• AIM OF THE TASK: Take the lines below from the one with "约2分钟后,车到沪闵路报春路" through the one with "Pekná sukňa štýlová, čo" and print only them, exactly. Don't print the pictures.

• DATA FOR THIS TASK:
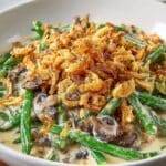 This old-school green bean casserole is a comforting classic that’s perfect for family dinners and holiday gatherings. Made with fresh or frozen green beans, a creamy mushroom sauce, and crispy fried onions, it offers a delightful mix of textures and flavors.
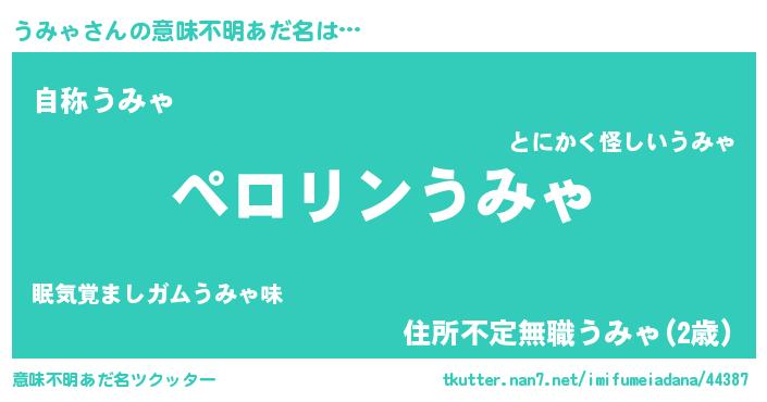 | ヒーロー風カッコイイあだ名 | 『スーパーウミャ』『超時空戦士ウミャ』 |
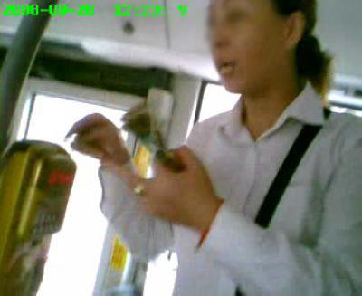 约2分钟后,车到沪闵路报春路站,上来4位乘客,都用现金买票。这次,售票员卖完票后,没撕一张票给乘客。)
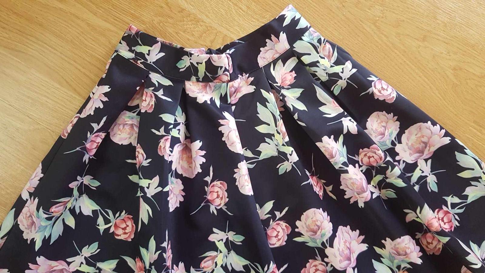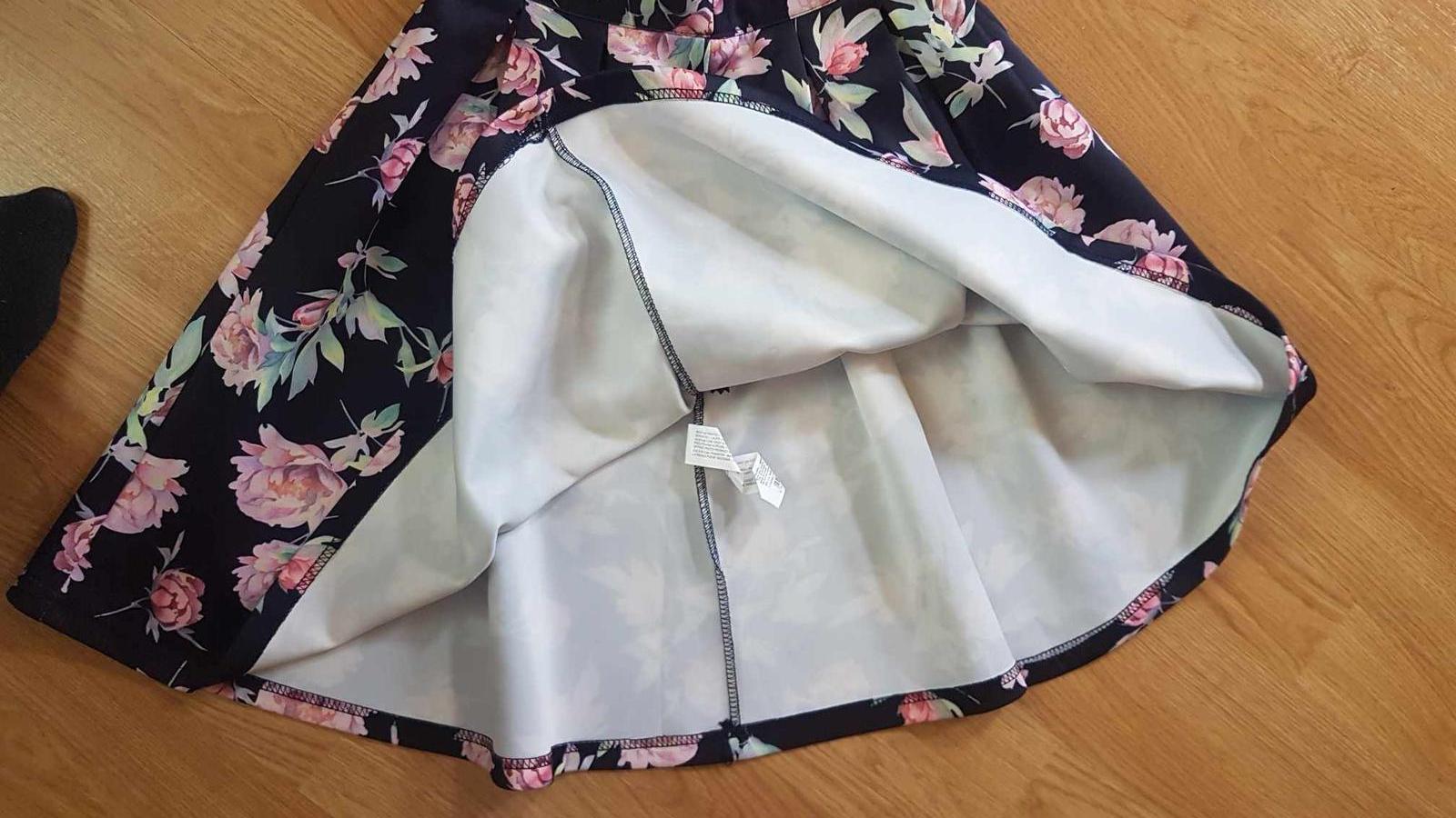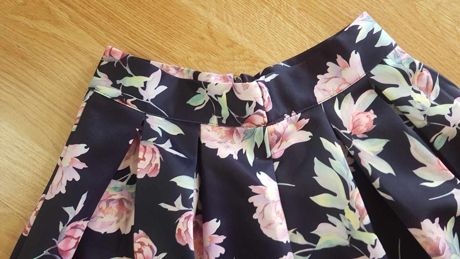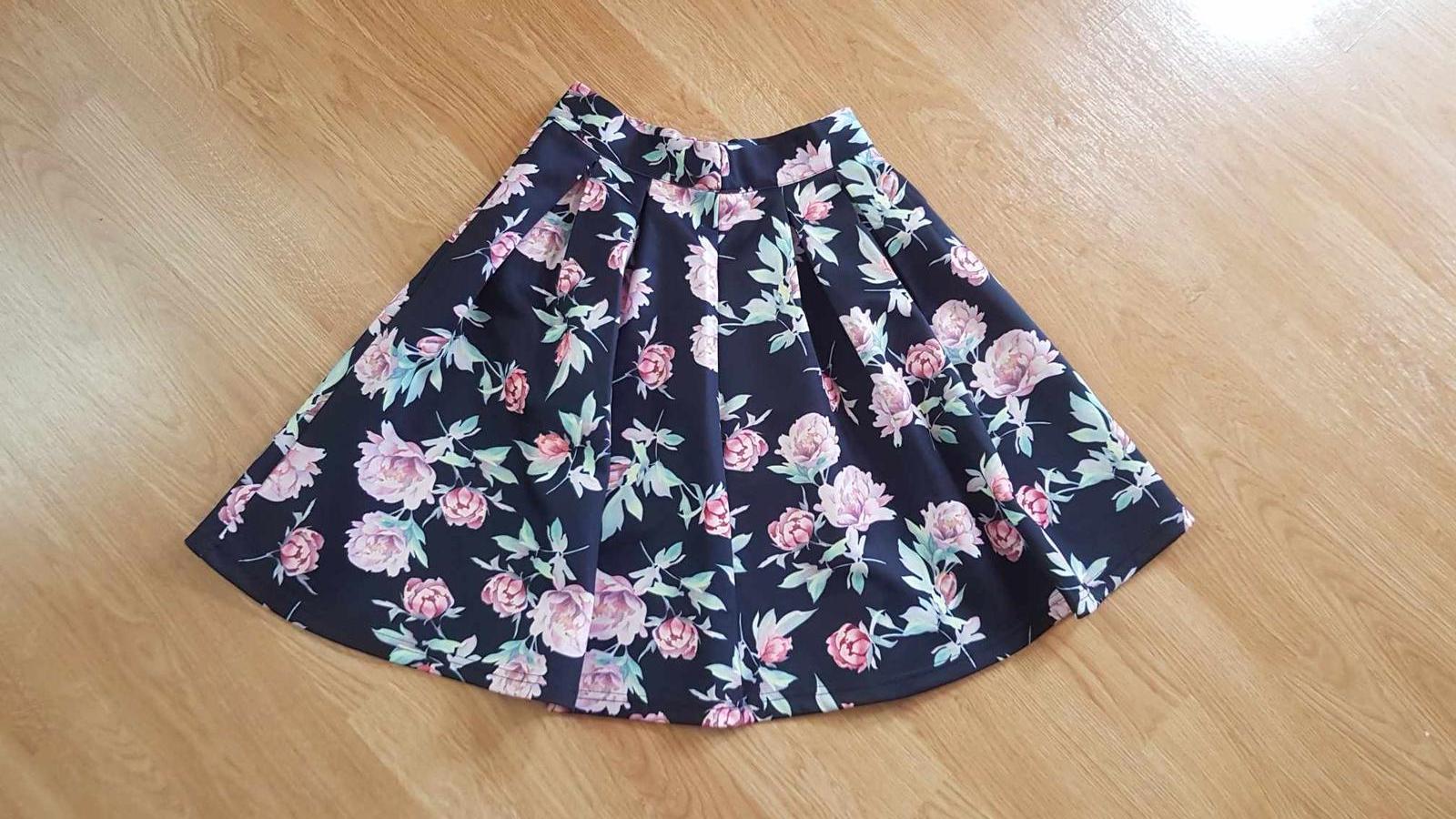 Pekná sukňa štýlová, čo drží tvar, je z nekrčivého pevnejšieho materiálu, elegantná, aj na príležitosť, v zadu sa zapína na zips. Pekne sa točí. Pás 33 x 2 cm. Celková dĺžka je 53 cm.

* * *

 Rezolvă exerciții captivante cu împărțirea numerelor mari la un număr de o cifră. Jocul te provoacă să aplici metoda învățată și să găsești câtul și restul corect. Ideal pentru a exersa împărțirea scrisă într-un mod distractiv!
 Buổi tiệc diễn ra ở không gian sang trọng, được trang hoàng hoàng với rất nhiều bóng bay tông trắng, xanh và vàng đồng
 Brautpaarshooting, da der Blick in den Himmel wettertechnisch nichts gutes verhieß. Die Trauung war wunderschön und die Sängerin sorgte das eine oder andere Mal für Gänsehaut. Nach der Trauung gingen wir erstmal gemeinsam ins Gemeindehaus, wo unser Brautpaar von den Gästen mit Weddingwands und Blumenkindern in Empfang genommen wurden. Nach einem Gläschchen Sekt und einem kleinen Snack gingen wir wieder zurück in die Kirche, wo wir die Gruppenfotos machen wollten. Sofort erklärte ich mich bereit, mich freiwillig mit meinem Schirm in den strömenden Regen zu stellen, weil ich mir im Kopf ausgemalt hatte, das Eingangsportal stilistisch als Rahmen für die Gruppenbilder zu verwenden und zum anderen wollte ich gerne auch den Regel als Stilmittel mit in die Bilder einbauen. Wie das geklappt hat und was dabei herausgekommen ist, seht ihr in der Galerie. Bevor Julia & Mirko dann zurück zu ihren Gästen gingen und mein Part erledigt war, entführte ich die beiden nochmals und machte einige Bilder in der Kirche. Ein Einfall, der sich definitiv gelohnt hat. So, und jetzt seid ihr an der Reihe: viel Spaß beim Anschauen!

• EXERCISE RESPONSE:
 约2分钟后,车到沪闵路报春路站,上来4位乘客,都用现金买票。这次,售票员卖完票后,没撕一张票给乘客。)
 Pekná sukňa štýlová, čo drží tvar, je z nekrčivého pevnejšieho materiálu, elegantná, aj na príležitosť, v zadu sa zapína na zips. Pekne sa točí. Pás 33 x 2 cm. Celková dĺžka je 53 cm.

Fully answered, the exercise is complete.